Could you retype the lines below, starting at the line holding "like Black Flag." and stopping at the line holding "Náušnice zo žltého", inclusive? Copy them exactly and drop the images.

LISTED RECORDS:
----------------

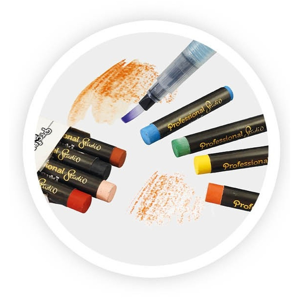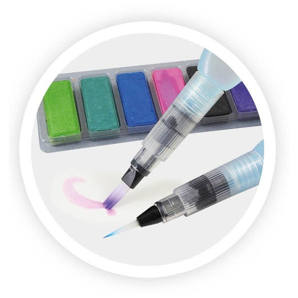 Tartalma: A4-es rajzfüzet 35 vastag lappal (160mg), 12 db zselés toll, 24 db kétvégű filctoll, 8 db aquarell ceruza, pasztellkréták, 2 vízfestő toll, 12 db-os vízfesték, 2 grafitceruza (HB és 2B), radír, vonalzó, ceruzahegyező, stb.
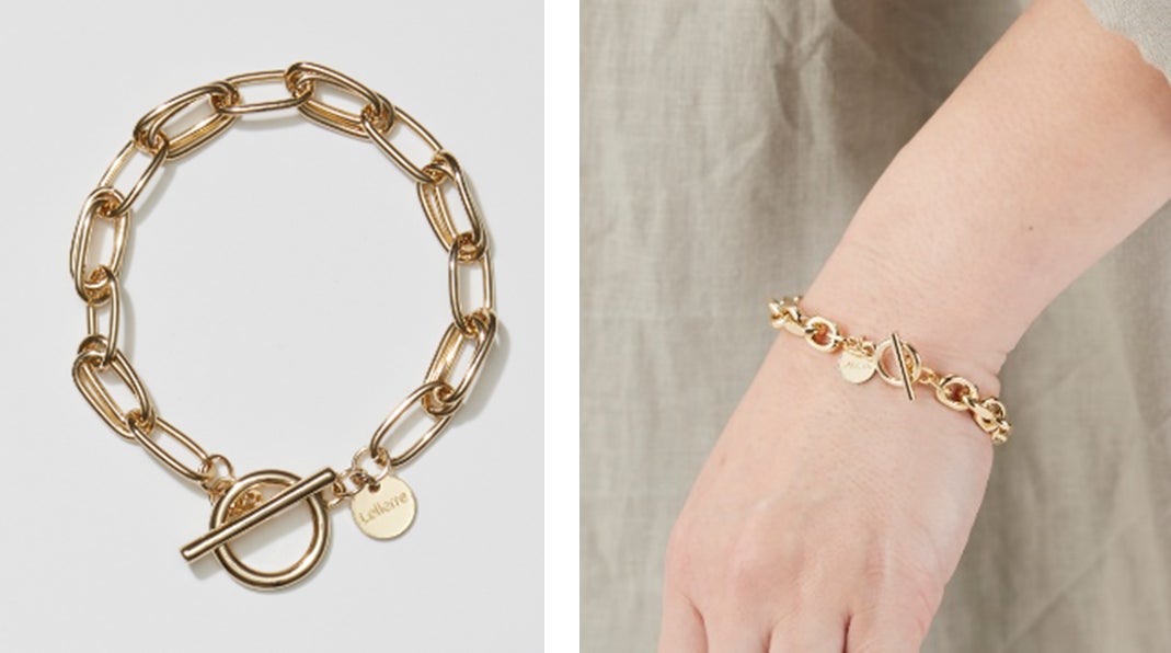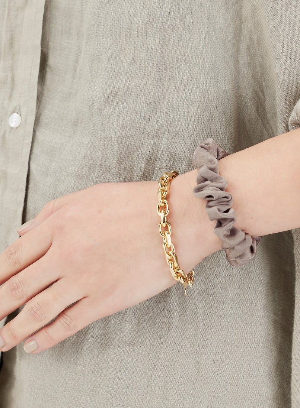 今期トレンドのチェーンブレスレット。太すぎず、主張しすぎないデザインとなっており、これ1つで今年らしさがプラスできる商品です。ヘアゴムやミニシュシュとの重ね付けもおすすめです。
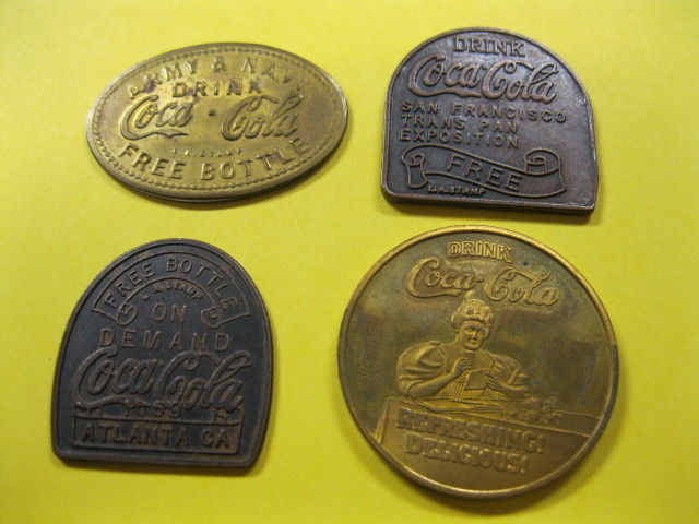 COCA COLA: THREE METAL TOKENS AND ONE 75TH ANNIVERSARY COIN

----------------

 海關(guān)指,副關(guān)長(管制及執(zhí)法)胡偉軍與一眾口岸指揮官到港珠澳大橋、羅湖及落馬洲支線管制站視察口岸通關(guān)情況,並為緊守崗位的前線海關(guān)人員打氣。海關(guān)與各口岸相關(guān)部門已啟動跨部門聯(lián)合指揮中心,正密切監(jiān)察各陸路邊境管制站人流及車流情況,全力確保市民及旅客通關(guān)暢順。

----------------

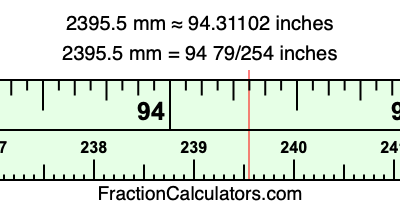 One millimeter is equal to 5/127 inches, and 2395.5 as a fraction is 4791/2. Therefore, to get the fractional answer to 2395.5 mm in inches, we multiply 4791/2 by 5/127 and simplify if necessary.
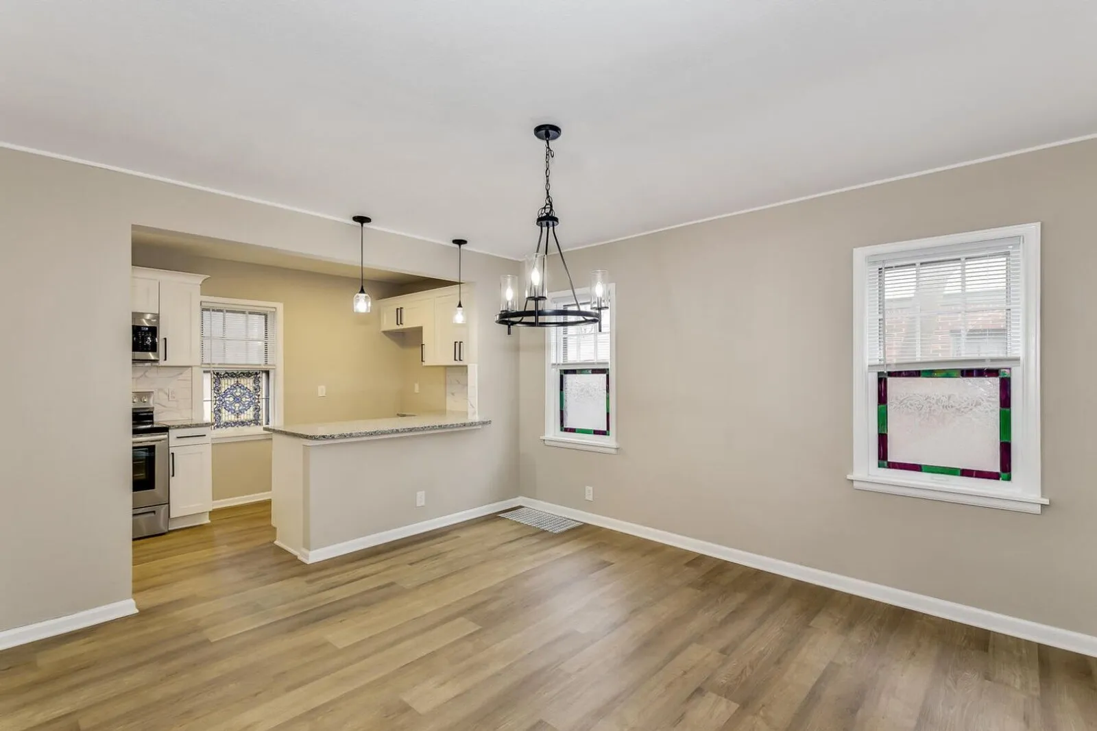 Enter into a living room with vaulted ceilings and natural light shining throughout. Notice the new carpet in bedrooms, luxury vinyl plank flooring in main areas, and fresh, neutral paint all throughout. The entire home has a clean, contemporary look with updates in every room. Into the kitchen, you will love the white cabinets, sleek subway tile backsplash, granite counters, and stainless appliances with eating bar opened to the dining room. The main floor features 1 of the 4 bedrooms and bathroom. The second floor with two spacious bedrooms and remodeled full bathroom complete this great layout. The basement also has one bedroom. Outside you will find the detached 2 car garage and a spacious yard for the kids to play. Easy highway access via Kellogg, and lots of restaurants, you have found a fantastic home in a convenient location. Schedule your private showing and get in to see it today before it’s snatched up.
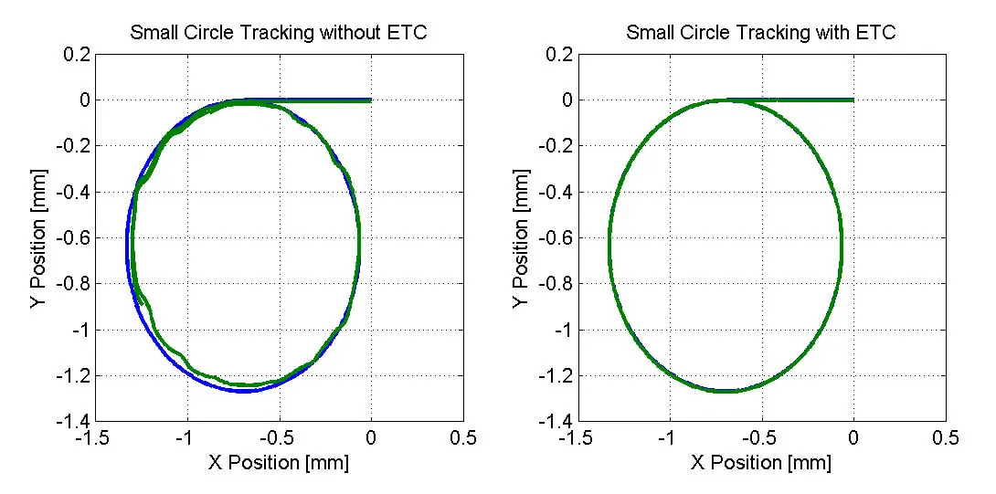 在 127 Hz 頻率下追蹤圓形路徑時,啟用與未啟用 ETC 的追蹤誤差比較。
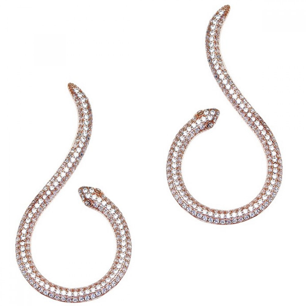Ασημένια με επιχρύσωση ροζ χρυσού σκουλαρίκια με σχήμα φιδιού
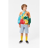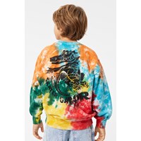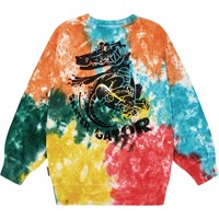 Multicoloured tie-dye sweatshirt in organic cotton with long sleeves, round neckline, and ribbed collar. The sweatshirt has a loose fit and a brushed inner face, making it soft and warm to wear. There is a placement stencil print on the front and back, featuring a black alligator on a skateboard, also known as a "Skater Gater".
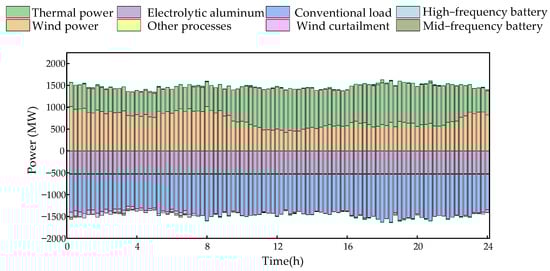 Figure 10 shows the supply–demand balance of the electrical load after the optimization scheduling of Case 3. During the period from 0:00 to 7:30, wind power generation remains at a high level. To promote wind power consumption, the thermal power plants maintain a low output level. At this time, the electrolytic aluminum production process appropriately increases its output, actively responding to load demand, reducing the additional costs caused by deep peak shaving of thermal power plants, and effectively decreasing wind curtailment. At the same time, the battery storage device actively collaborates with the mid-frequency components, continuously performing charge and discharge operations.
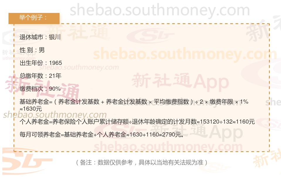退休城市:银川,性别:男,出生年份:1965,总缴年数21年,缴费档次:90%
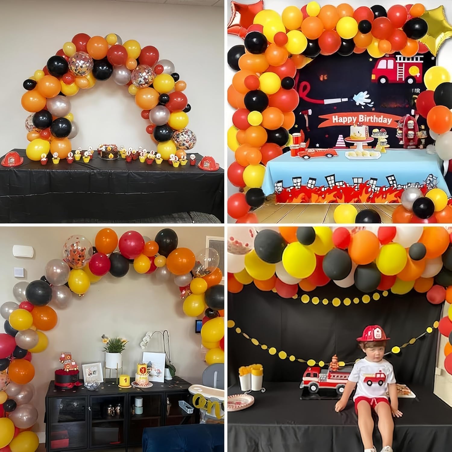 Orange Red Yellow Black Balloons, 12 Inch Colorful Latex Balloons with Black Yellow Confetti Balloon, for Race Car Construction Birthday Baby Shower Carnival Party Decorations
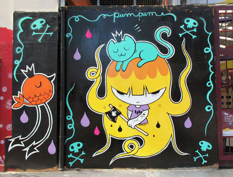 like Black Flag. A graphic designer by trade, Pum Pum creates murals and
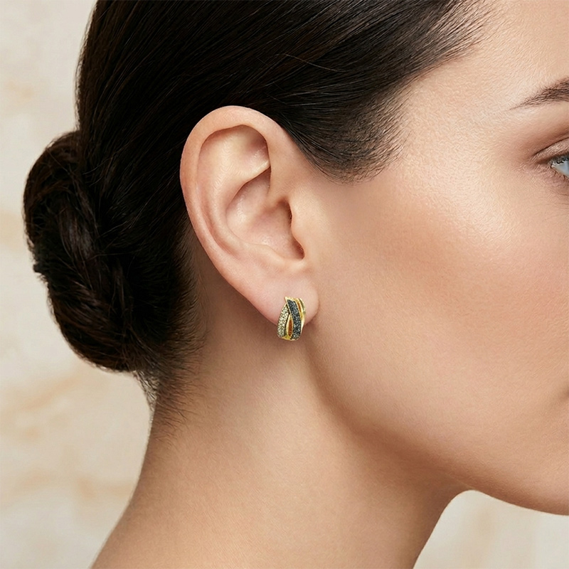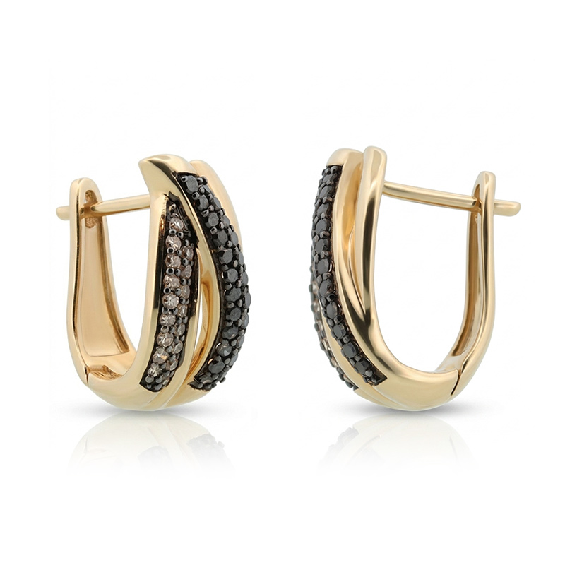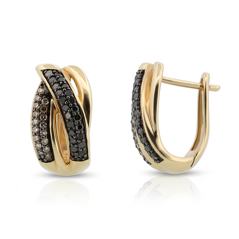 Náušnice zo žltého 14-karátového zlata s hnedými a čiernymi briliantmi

----------------

SOLUTION TO THE PROBLEM:
 like Black Flag. A graphic designer by trade, Pum Pum creates murals and
 Náušnice zo žltého 14-karátového zlata s hnedými a čiernymi briliantmi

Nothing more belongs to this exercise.